Пафнутьев с Андреем отправились вслед за экспертом – длинноногим парнем в затертых джинсах. Видимо, ему нечасто приходилось выезжать на место происшествия или же он вообще был новичком – бежал к мусорным ящикам вприпрыжку, словно опасаясь не успеть к самому важному. Несколько человек стояли в стороне, видимо, уже насмотрелись на печальное зрелище и теперь обменивались впечатлениями. Среди них возвышался Шаланда – успел все-таки приехать раньше Пафнутьева, рядом вертелся парнишка в форме, скорее всего участковый, маялась тетенька с массивным задом и недовольным лицом – эта, похоже, из домоуправления.
Труп лежал затиснутый между двумя железными коробами. Он был накрыт тряпьем, который жильцы сносят к ящикам из самых добрых побуждений – кому-то понадобится старое пальто, кто-то соблазнится поношенными джинсами, детскую одежку расхватывали охотнее всего.
– Ты спросил, не встречался ли я с ней, – Шаланда кивнул в сторону трупа. – Это что, хохма у тебя такая?
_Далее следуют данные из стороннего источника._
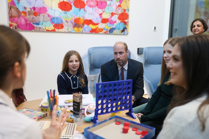 Britain's Prince William, Prince of Wales sits with Macy and Maya, the daughters of the late rugby league player Rob Burrow CBE, during a visit to the Rob Burrow Centre for Motor Neurone Disease at Seacroft Hospital, in Leeds, Britain, November 20, 2025., Credit:Temilade Adelaja / Avalon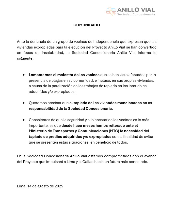 Desde la Municipalidad de Independencia, el jefe de Asesoría Jurídica, John Giraldo, señaló que el municipio ha cumplido con la limpieza de exteriores y retiro de escombros, pero precisó que el tapiado de los inmuebles corresponde al Ministerio de Transportes y Comunicaciones (MTC). “Estamos a la espera de que cumplan con la parte que les corresponde”, indicó.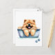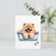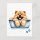 Cute dog watercolor illustration of a happy fluffy Chow Chow dog in a bathtub. Great for dog lovers.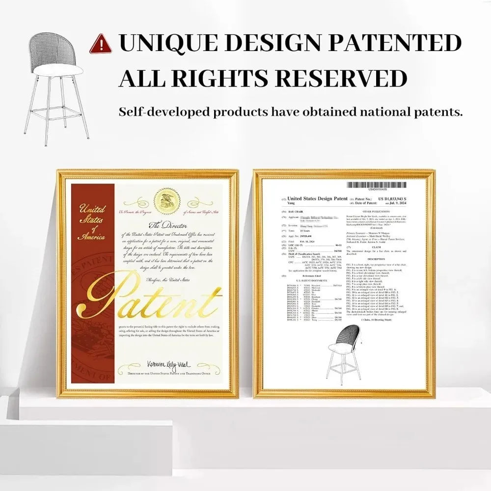 Counter Height Bar Stools Set of 2, 360° Swivel Upholstered Barstools with Rattan Full Back & Metal Legs, PU Leather 26" Mid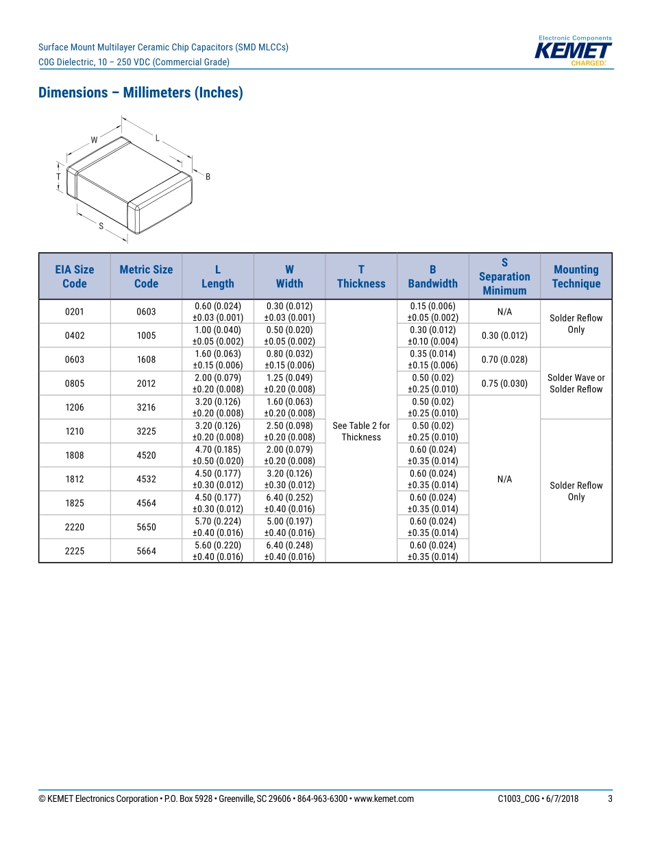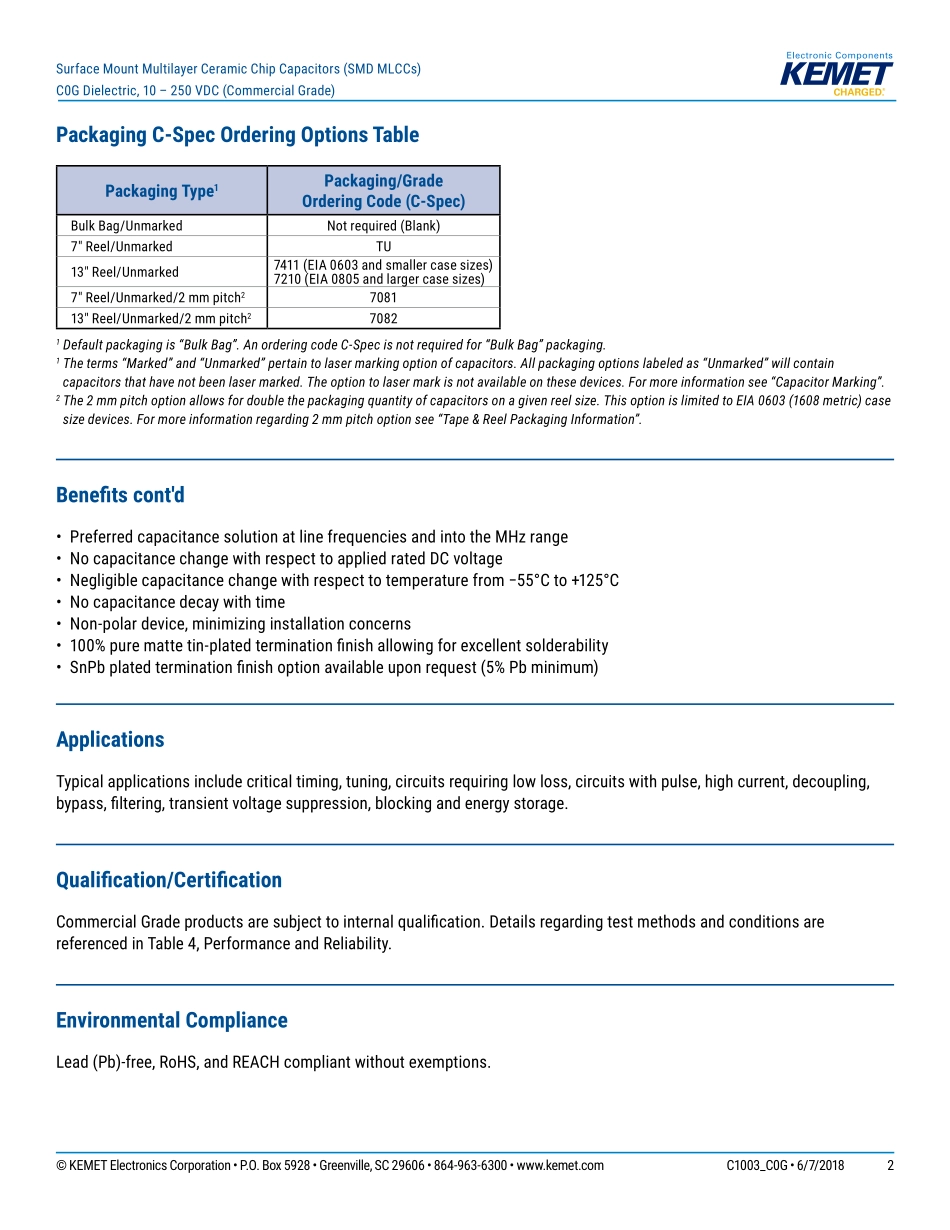 ©KEMETElectronicsCorporation•P.O.Box5928•Greenville,SC29606•864-963-6300•www.kemet.comC1003_C0G•6/7/20181Oneworld.OneKEMETBenefits•−55°Cto+125°Coperatingtemperaturerange•Lead(Pb)-free,Ro...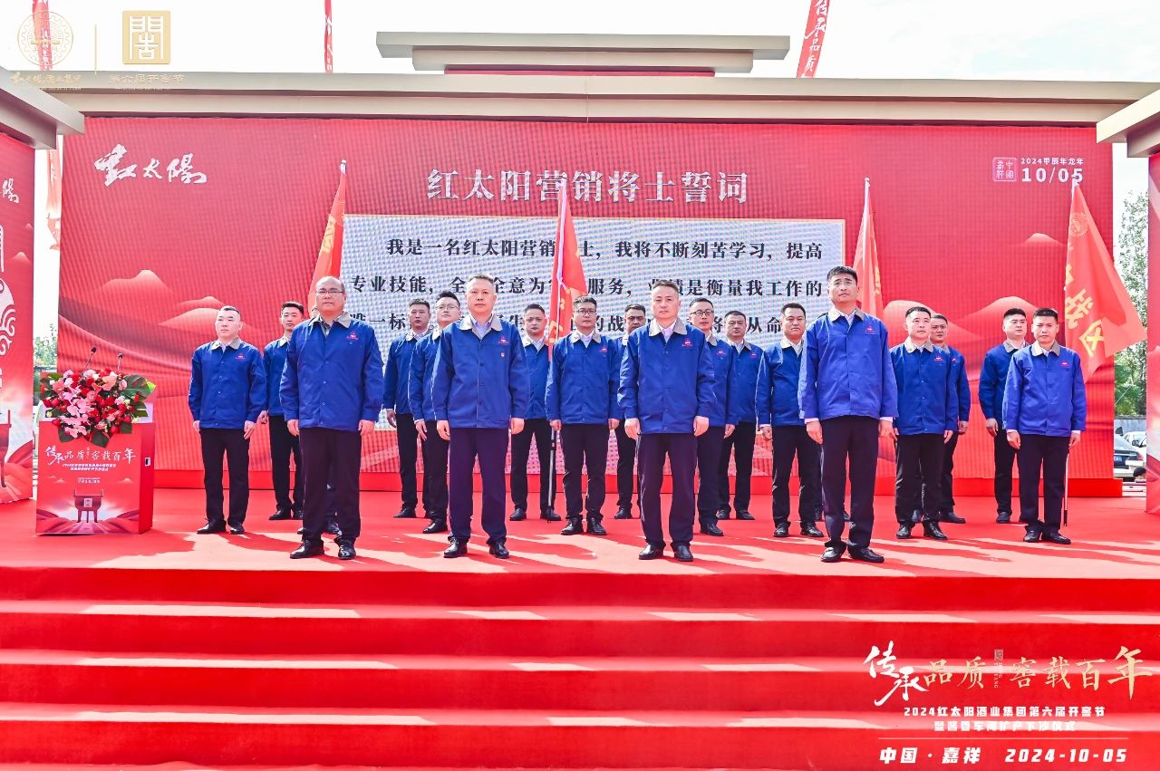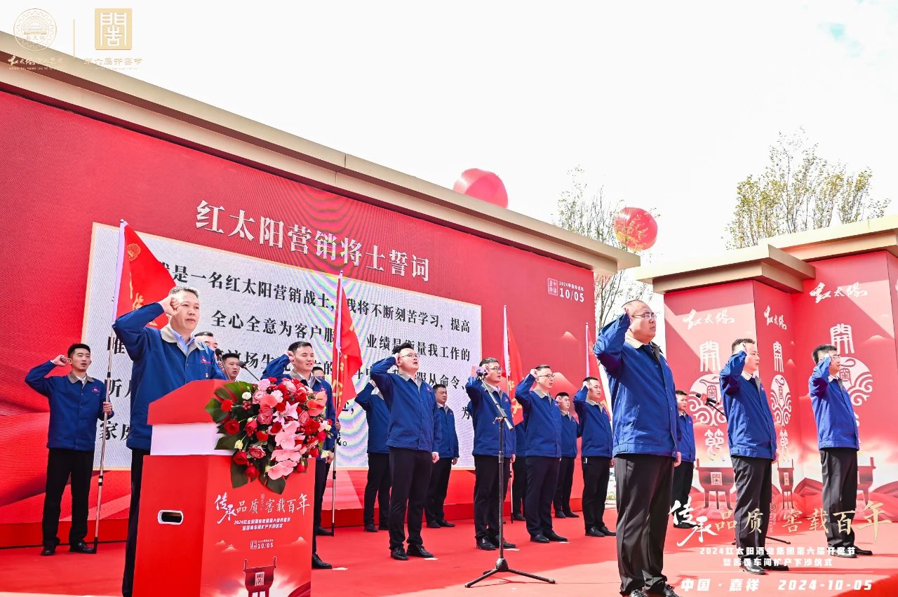 來自中國酒業協會、天津科技大學、中國食品發酵工業研究院、山東省白酒協會、山東省糖酒副食品協會、山東省食品工業協會和嘉祥縣有關部門的領導,國家級釀酒大師、白酒評委,以及紅太陽酒業集團的經銷商、核心客戶代表等800多位嘉賓出席了本屆盛典活動,共同領略了一場與眾不同的品質+文化的美酒之旅。紅太陽酒業集團總經理任志剛在開幕致辭上介紹了開窖節舉辦的價值和意義,連續舉辦六屆的開窖節,已經成為紅太陽酒業的傳統節日之一,既讓經銷商、終端店等廣大合作伙伴,現場見證了企業對釀酒的誠心、真心和用心,也用最直接、最真實的方式,向消費者傳達出堅持生態釀造、傳統釀造的理念和初心。紅太陽酒業將一如既往的堅持品質主義、長期主義,把釀好酒作為最核心、最重要的事業,繼續為消費者奉獻品質領先、品牌賦能的好產品,為企業的高質量發展不斷增加新動能。嘉祥縣政府副縣長王旭對紅太陽開窖節的舉辦給予了高度評價,他表示,紅太陽酒業以穩健為企業戰略,以品質為發展基石,以文化為品牌支撐,不斷取得新業績、新成就,不僅成為嘉祥的一張亮麗名片,成為嘉祥人民引以為傲的家鄉酒,而且還為地方經濟發展和社會公益事業做出了重要貢獻。辦好開窖節,打好特色牌,紅太陽酒業的未來,一定會更加美好更加光明。山東省白酒協會會長姜祖模在講話中提到,紅太陽酒業是山東白酒的骨干企業,有著雄厚的釀造實力、領先的科研水平和深厚的文化底蘊,尤其是近年來,在市場上屢屢取得新突破,展現出逆勢而上的強大勢能。第六屆開窖節和下沙儀式的隆重舉行,既是對歷史的尊重,也是對文化的傳承,更是對品質的堅持。讓越來越多的消費者深切感受到頭排酒獨特價值和魅力的同時,亦成為紅太陽酒業展現自身實力的重要窗口。中國白酒,是一個講歷史、講底蘊的產業,更是一個講堅守、講傳承的行業。沒有堅守,會失去根基;沒有傳承,就沒有未來。本屆開窖節上,紅太陽酒業以“傳承”為主題,精心拍攝制作的紀錄片,在活動現場進行了首映。紀錄片從企業、釀造、營銷三個維度,講述了紅太陽酒業的傳承故事。匠心之道,是“擇一事、終一生”,源于矢志,貴在傳承。作為中國白酒行業為數不多三代傳承的釀酒世家,紅太陽酒業第一代創始人董事長任春玉、第二代傳承人總經理任志剛和第三代守護人任俊宇,三代做酒,薪火相傳。紀錄片的開篇部分,講述了他們祖孫三代,本著“守一個行業,做百年企業”的初心,用一生熱愛、三代同心的蓬勃力量,以匠心傳承、精神傳承、使命傳承的有序接力,共同托起了中國酒業的紅太陽。記錄片還從釀造傳承和營銷傳承的角度,精彩呈現了一代代紅太陽釀酒人如何堅守匠心、堅守品質釀好酒,以及三代營銷人,在不同的年代如何奮進拼搏的感人故事。既清晰展現出紅太陽酒業的傳承發展史,也彰顯出企業在有序的傳承中,不斷增強的向心力和凝聚力。傳承是一種堅守,也是一種力量,傳的是歷史,承的是未來。紀錄片以獨特的視角、質樸的語言、寫實的畫面和生動的故事,打動了現場每一位嘉賓,不僅以“傳世代之志、承時代使命”的內核表達,讓延續不斷的初心使命、傳統技藝、營銷信念活躍于熒屏,也在點滴之中、于細微之處,展現出紅太陽酒業精神之光的閃耀不息。紀錄片首映結束后,現場還舉行了營銷傳承儀式。各營銷戰區的精英代表們共同登臺宣誓,一聲聲誓詞猶如氣勢如虹、全力以赴的沖鋒號,不僅彰顯出營銷團隊統一思想、統一目標、統一行動共同奮進的使命擔當,更代表著充滿激情和干勁的紅太陽全體營銷人員,握好接力棒、當好傳承人的自信和決心。傳承儀式完成后,伴隨著激昂的鼓樂聲,紅太陽頭排酒開窖儀式正式啟動。主禮官、儀仗隊身著冕服,主祭、陪祭依次莊重登場。主禮官以雄厚洪亮的聲音恭誦開窖文:人間共生,天地同釀;窖開頭排,舉世共享;恭迎酒祖,承傳不忘;凈手靜心,大地呈祥;誦讀祭文,永葆安康;祭祀禮成,授旗開窖。一場古樸正統的開窖祭祀典禮徐徐拉開帷幕。現場古樂悠揚,莊嚴隆重,嘉賓們仿佛穿過歷史的長河,身臨其境于古代祭祀的儀式場景。凈手、凈面、上香;迎圖騰、呈祭品,敬美酒。三杯酒分別敬天、敬地、敬酒神。第一碗,敬天,天有時、律可循、萬物生,尚德守法愈昌盛;第二碗,敬地,地有氣、糧黍盛、麥曲成,五谷豐登酒更豐;第三碗,敬圖騰美酒飄香、炎黃子孫、醉千杯。祭祀典禮圓滿禮成之后,任春玉董事長向釀酒師傅們授予開窖令旗。伴隨著“開窖嘍,開窖嘍,開窖嘍”三聲高呼,釀酒師們邁著整齊的步伐前往車間開窖,臉上寫滿了歡欣與喜悅,呼聲中更是透露出那份釀造頭排酒的期盼之心和興奮之情。“吉時到,起窖”,隨著號令聲響起,“頭排酒”開釀典禮正式開始。六位師傅揭開窖池表面的封閉層,開始下第一锨,執禮合頌“白露豐潤,紫氣東來”;二锨起,執禮合頌“窖開頭排,綿柔傳世”;三锨起,執禮合頌“天地同釀,藝人合一”。 天地順,出酒順,一帆風順,開窖禮成。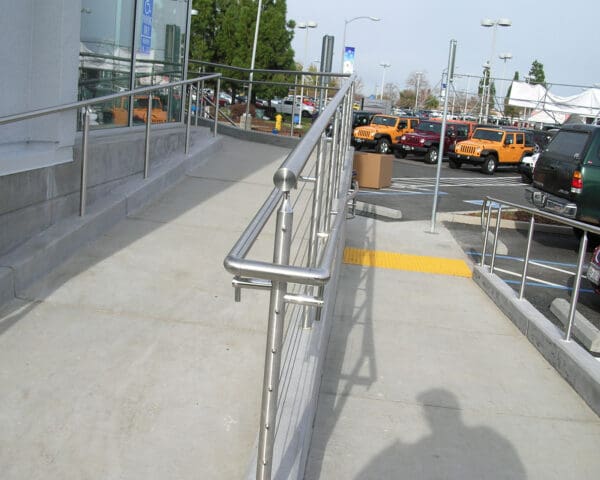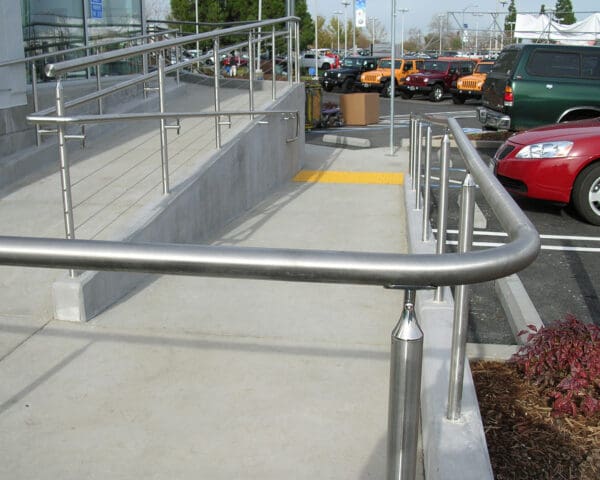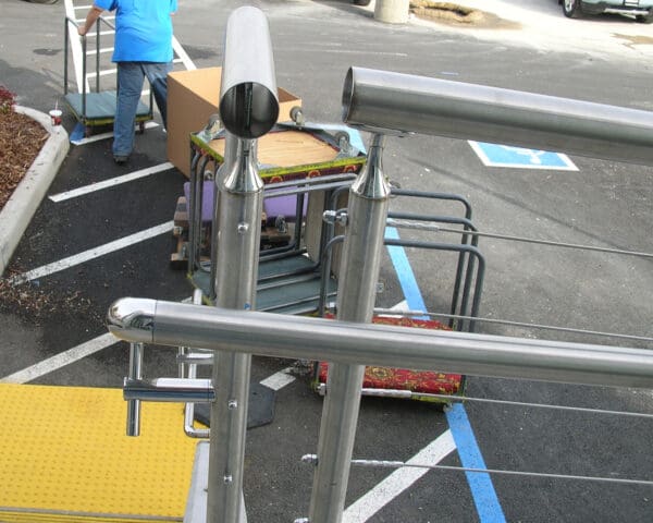 - Stainless Handrail matches the rest of the system and attaches to the posts, running parallel to the top rail, but at a more comfortable height.

– Нет, – Пафнутьев подошел поближе, но отдернуть старушечье пальто, которым был накрыт труп, не решился. – Это был серьезный вопрос.
– Да-а-а? – протянул Шаланда, все еще опасаясь розыгрыша. – Тогда ладно… Не встречался, Паша. Не довелось.
– Это хорошо.
– Почему хорошо?
– Меньше переживаний. Знания рождают скорбь, – Пафнутьев с интересом наблюдал за новым экспертом, который вертелся вокруг трупа, не зная, как поступить – фотографировать комок затертой одежды ни к чему, сдергивать пальто с тела – вроде команды такой не было, – он беспомощно оглянулся на Пафнутьева. – Отбрось в сторону тряпки-то! – крикнул Пафнутьев.
Взяв двумя пальцами край затертого рукава, эксперт медленно стянул его в сторону. Пафнутьев подошел ближе, зашел с противоположной стороны, чтобы рассмотреть лицо. Да, женщина была светловолосой, но у корней волосы были темные, почти черные. Присев на корточки, он всмотрелся ей в лицо – это была не Света.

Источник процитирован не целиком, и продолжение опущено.